Possibly contacting the Articles for Creation and NPP people for feedback on how they might find such as tool useful. --Kudpung (talk) 16:09, 18 September 2014 (UTC)Reply
Good thought, Kudpung -- they've both been notified. This project would rely on having some initial data -- about notability (or not) of articles on some given topics. That would come from experts from certain WikiProjects -- I think it would be good to establish which ones, and get some feedback/buy-in. Jodi.a.schneider (talk) 09:14, 19 September 2014 (UTC)Reply
Suggest AfC and NPP. The subject-matter specific Wikiprojects probably are too focused of groups for assessment of a general-use tool, unless this tool is intended for a large subset of articles (such as historical events or biographies). VQuakr (talk) 04:07, 20 September 2014 (UTC)Reply
I guess the question is whether this is going to be based on en:WP:GNG or whether it's going to be based on subject-specific notability guidelines. Thoughts? Jodi.a.schneider (talk) 15:32, 24 September 2014 (UTC)Reply

Functionality suggestions

I am coming from newpages patrol on en.wiki, where I normally use the new pages feed (NPF) tool [1]. My thoughts are in the context of that tool, and may or may not apply well to other similar applications. That tool currently lists new pages, along with pertinent information such as the creator's edit count, the first sentence or so of article content, and whether it contains categories and/or references. A tool that identified topics that might not meet the General Notability Guideline would complement this information. Given the terse nature of the NPF interface, I think the automated notability assessment would best be indicated by a single scalar score, maybe a 0-100% scale, possibly color-coded red to green. It could be clickable to get open a secondary screen with additional analytical information, with a bug/failure reporting link (at least in alpha) for false negatives and false positives. It would be nice if the secondary screen also linked potentially useful (but unused in the article) sources. Triggers for lowering the notability score could include presence in social media but not reliable sources, use of only primary and vanity sources in the article without better sourcing available, and close paraphrase detection from corporate websites and/or social media.

Ironholds might have thoughts on how to test modifications integrated into the NPF. Good luck! VQuakr (talk) 03:19, 19 September 2014 (UTC)Reply

Validity of results, etc

I endorsed this at first, but then I got second thoughts after reading the reply. It seems like the initial description isn't what the contributors of the proposal is planning, and that makes me confused. Then I read the research paper [2] and gets even more confused.

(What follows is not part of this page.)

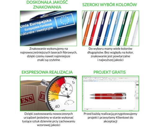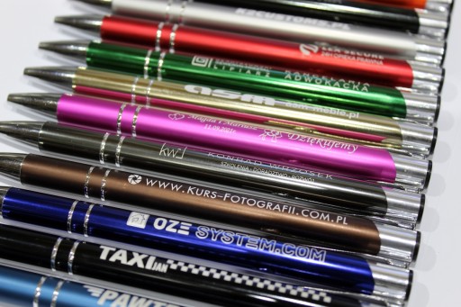 Na długopisach możemy wygrawerować dowolny tekst, grafikę, logo.

If you train any kind of classifier through supervised learning you need two training sets, one that represents your wanted class and one for the unwanted class. Both must be representative. In this case it seems like the wanted ones are taken from older articles that have evolved past the initial state of the unwanted ones. When you learn from two classes that are at two different stages in their lifespan, then you will have inherit differences that is not comparable. That makes the classification task much easier, and will give precision and recall that is much better than in a real world case.

Then you have the problem with how you present this information to the users and how the algorithm itself will change the process outcome. If it does change the outcome, will it then learn the new outcome and then slowly game the process over time? And if the creators of new articles can observe the effect, will they be able to adapt their new articles to get a higher score and bypass the algorithm? Reading the paper it seems like the proposal is to make this a reviewer-only tool for notability (really deletion), and then it won't contribute to overall quality, but from the reply to my endorsement it seems like it is a quality-tool for everyone. How the community would interact with such a tool is very important, especially whether they would take the output from the classifier for a fact, but the discussion about this in "8. Limitations and concerns" in the paper is somewhat short and builds on a number of unsubstantiated hypothesis.

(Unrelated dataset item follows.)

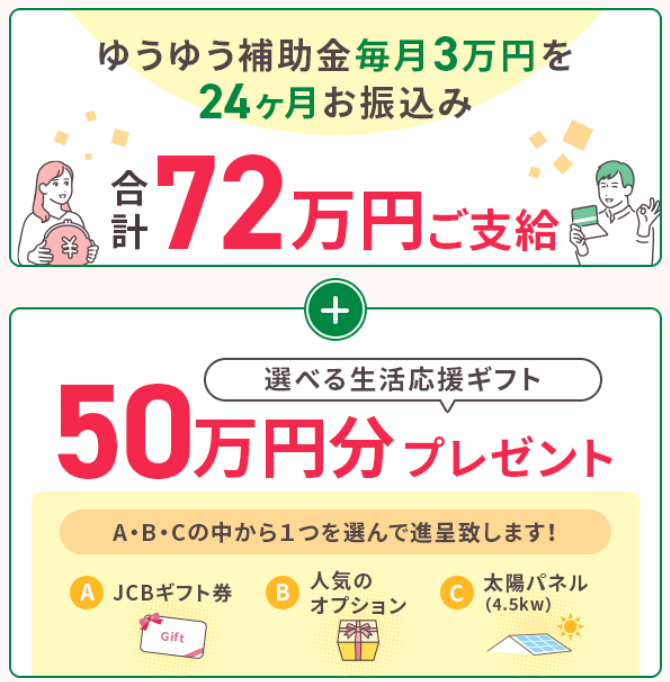 「選べる生活応援ギフト50万円分」としてJCBギフト券、人気オプション、太陽光パネル(4.5kw)無料設置の中からお好きな1点をお選びいただけます。

A very rough idea of a general tool like this would be to add a "feature export" option to AbuseFilter (yeah it should be renamed EditFilter) and then make a classifier that can use the export to train against some logged value. The obvious problem you have here is how do you identify positive outcome. One is that you log both outcomes from a feature export. Until there is sufficient data it should be possible to manually make training and test sets. Often initial sets can be made from the testing feature in AbuseFilter. It should be possible to reevaluate the classifier as it evolves against the old test set, and how it evolves on precision and recall should be logged and presented graphically.

A tool like I have sketched would be more general and could be used for a lot more than just deletion requests. It would also be visible if it starts to propagate in an unwanted direction over time.

In short I think the proposal needs more discussion than the current timeframe allows. Perhaps it could be run more as a feasibility study. — Jeblad 14:18, 22 September 2014 (UTC)Reply

Hi Jeblad, thanks for the detailed thoughts. This is a new project, distinct from the paper you reference above (the methodology is similar as I understand it; but I'm not the ML expert (that's Bluma.Gelley).
The plan is to take a *new* data set (we've been discussing exactly how we'll select and collect that); this will be from the last year (unlike the dataset used in the other paper). Further, we plan to look at each article t seconds after it was started (for some t, not yet decided). Does that address your concern about the classifier? We'd really welcome any thoughts on collecting the training set. I'll look more at the rest of your comment later. Jodi.a.schneider (talk) 15:41, 24 September 2014 (UTC)Reply

Reminder to finalize your proposal by September 30!

Hi there,

  • Once you're ready to submit your proposal for review, please update the status (|status= in your page's Probox markup) from DRAFT to PROPOSED, as the deadline to proposal for this round is September 30th.
  • Let us know here if you've got any questions or need help finalizing your submission.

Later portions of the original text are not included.